▶ _EXERCISE AIM_: In the listing below, the lines starting with the line with "PRICE IMPROVEMENT!! Step" and going on through the line with "газовая панель +" are to be reproduced exactly, and only those.

▶ _RECORDS SUPPLIED_:
== == ==

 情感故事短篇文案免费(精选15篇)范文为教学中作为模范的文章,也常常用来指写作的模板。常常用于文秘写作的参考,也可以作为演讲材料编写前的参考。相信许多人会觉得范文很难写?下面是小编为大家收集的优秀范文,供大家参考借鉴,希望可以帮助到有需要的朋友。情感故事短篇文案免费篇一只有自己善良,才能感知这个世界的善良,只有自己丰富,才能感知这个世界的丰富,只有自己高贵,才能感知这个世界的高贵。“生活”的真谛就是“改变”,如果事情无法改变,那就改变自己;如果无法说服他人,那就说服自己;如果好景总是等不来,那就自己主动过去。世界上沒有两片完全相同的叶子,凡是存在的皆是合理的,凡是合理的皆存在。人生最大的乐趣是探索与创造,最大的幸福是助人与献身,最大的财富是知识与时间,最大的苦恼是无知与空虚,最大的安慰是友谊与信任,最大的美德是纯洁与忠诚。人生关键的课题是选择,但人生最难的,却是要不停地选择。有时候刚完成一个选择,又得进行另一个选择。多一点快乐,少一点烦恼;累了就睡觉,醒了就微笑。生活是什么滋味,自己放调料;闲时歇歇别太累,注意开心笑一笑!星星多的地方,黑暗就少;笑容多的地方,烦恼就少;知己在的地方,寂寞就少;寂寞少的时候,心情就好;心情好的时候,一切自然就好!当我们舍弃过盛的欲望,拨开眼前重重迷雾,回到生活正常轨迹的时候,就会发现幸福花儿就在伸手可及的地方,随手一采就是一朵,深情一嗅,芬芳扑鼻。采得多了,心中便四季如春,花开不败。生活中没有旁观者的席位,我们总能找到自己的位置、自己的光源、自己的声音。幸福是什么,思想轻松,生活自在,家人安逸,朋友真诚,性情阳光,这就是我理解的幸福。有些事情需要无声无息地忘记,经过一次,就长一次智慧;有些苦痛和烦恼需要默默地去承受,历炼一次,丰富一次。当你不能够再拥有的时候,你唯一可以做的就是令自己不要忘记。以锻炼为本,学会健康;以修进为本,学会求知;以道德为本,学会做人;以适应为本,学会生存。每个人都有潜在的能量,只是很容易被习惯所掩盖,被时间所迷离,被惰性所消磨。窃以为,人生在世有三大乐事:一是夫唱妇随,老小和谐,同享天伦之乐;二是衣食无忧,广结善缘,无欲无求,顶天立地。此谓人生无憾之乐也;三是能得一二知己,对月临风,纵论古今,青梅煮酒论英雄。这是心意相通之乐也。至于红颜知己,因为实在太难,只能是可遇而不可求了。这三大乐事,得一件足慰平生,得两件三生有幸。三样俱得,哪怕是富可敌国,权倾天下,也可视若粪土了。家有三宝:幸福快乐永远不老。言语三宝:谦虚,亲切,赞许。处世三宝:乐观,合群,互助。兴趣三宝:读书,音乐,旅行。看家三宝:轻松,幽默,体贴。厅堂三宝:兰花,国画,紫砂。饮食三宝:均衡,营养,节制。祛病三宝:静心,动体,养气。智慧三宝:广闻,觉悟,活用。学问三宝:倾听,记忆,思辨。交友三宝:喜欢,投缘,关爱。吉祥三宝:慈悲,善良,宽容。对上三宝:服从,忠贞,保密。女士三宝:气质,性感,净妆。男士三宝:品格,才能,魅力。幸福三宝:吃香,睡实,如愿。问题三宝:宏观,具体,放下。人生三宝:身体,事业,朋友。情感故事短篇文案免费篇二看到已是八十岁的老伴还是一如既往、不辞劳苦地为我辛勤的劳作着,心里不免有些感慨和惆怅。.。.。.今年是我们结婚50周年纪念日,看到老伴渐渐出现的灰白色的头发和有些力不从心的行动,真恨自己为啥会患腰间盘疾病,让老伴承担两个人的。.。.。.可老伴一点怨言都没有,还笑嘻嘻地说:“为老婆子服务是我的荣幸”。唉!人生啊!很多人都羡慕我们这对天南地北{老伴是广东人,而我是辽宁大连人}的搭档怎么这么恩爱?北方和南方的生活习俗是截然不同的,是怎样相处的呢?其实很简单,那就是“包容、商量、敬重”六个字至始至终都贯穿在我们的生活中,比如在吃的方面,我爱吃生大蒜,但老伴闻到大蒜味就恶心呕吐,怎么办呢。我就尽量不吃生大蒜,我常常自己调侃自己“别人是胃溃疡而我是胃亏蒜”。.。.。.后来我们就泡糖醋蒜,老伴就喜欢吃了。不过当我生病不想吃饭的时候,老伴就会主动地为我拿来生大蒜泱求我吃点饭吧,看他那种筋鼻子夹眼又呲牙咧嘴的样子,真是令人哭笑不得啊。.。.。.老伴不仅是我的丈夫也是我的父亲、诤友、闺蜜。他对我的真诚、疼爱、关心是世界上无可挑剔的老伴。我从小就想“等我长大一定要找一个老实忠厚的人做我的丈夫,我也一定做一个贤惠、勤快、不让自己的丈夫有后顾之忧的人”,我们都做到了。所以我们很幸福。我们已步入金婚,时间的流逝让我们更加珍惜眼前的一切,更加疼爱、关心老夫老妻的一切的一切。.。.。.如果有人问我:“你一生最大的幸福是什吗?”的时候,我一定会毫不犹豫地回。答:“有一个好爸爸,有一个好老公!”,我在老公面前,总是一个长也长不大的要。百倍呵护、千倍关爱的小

== == ==

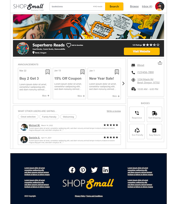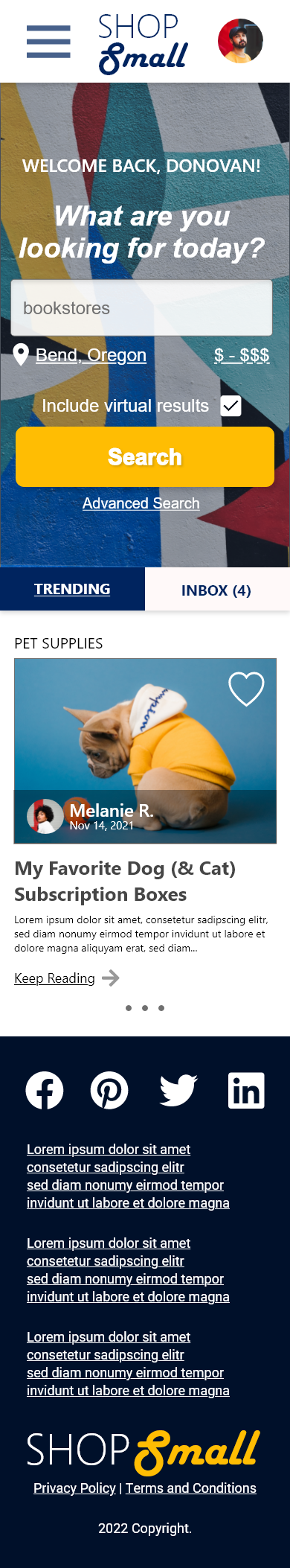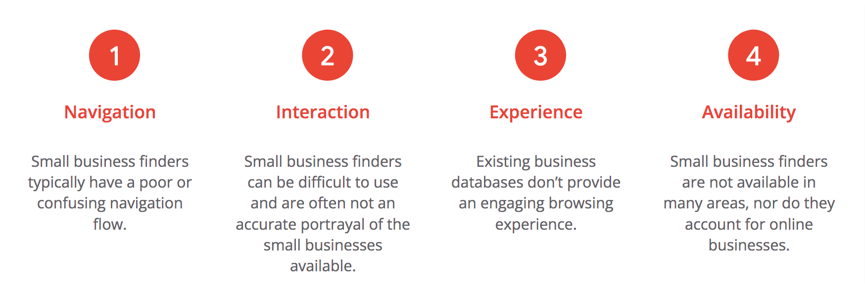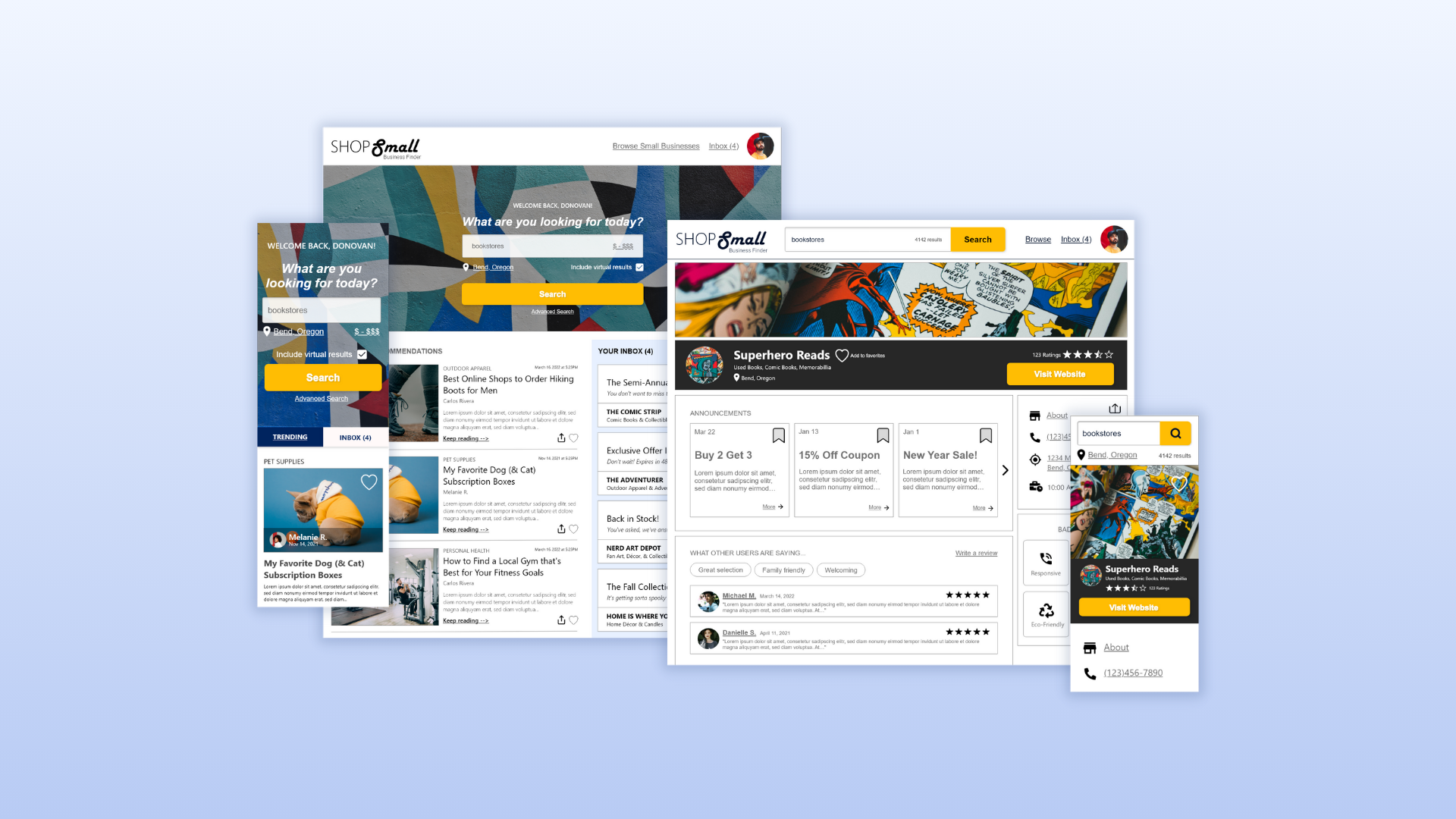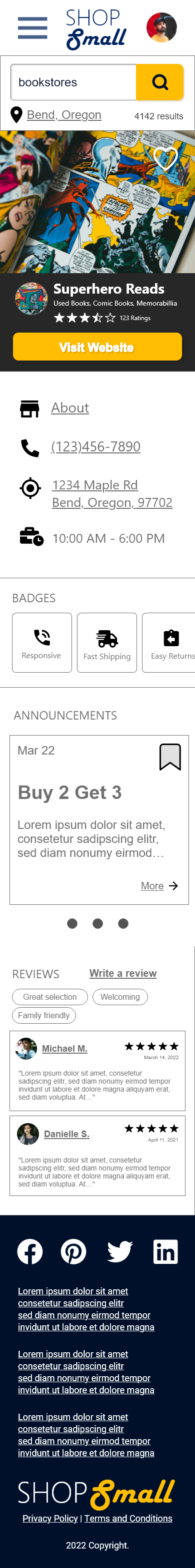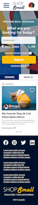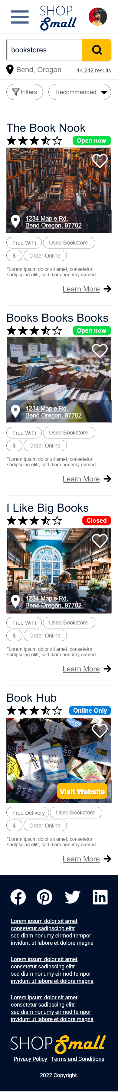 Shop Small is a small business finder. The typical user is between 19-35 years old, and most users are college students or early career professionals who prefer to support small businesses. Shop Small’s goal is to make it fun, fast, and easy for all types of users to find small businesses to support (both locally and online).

== == ==

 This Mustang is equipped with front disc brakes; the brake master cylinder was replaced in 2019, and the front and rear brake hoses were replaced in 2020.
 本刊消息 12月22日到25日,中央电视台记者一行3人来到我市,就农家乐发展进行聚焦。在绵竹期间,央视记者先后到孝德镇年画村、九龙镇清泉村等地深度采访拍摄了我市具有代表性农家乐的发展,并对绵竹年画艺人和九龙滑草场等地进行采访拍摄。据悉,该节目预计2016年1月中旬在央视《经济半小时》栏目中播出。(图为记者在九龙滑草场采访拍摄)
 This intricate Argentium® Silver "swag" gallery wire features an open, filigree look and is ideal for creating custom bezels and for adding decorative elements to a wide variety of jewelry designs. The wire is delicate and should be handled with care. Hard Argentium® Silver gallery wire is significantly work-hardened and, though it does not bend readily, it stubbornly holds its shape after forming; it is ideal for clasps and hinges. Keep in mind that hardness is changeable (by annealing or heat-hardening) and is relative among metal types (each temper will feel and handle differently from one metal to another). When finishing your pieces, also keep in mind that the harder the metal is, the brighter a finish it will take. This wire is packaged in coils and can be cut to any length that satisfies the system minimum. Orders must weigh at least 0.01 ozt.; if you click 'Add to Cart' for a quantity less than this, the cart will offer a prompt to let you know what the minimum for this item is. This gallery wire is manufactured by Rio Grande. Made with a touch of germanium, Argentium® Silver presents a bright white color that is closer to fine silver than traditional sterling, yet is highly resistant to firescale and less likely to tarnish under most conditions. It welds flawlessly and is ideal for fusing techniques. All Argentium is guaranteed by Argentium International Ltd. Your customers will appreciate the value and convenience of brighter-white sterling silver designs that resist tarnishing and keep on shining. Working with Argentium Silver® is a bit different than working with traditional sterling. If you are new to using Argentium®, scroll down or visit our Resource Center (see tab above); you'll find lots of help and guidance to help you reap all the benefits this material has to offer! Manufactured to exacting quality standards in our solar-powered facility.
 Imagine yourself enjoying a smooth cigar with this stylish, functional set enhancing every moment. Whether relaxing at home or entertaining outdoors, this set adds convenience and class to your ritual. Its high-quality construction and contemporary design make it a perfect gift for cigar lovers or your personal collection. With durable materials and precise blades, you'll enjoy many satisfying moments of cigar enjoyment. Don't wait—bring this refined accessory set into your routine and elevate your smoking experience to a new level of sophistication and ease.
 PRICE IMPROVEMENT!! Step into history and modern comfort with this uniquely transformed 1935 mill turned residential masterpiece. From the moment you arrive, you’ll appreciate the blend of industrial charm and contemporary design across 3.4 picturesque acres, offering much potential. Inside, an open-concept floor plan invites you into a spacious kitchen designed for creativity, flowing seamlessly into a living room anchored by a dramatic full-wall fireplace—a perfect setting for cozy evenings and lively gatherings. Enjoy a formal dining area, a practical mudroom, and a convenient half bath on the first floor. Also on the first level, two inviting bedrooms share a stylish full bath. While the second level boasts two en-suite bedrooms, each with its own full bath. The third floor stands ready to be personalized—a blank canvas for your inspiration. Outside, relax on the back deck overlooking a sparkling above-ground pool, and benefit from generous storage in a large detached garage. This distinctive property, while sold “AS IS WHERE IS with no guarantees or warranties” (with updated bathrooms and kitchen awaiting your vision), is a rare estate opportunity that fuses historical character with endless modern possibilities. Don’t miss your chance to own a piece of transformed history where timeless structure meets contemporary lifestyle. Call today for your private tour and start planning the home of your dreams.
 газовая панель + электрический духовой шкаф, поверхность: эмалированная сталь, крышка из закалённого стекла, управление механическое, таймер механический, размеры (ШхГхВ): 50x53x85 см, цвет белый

== == ==

▶ _RESPONSE TO THIS TASK_:
 PRICE IMPROVEMENT!! Step into history and modern comfort with this uniquely transformed 1935 mill turned residential masterpiece. From the moment you arrive, you’ll appreciate the blend of industrial charm and contemporary design across 3.4 picturesque acres, offering much potential. Inside, an open-concept floor plan invites you into a spacious kitchen designed for creativity, flowing seamlessly into a living room anchored by a dramatic full-wall fireplace—a perfect setting for cozy evenings and lively gatherings. Enjoy a formal dining area, a practical mudroom, and a convenient half bath on the first floor. Also on the first level, two inviting bedrooms share a stylish full bath. While the second level boasts two en-suite bedrooms, each with its own full bath. The third floor stands ready to be personalized—a blank canvas for your inspiration. Outside, relax on the back deck overlooking a sparkling above-ground pool, and benefit from generous storage in a large detached garage. This distinctive property, while sold “AS IS WHERE IS with no guarantees or warranties” (with updated bathrooms and kitchen awaiting your vision), is a rare estate opportunity that fuses historical character with endless modern possibilities. Don’t miss your chance to own a piece of transformed history where timeless structure meets contemporary lifestyle. Call today for your private tour and start planning the home of your dreams.
 газовая панель + электрический духовой шкаф, поверхность: эмалированная сталь, крышка из закалённого стекла, управление механическое, таймер механический, размеры (ШхГхВ): 50x53x85 см, цвет белый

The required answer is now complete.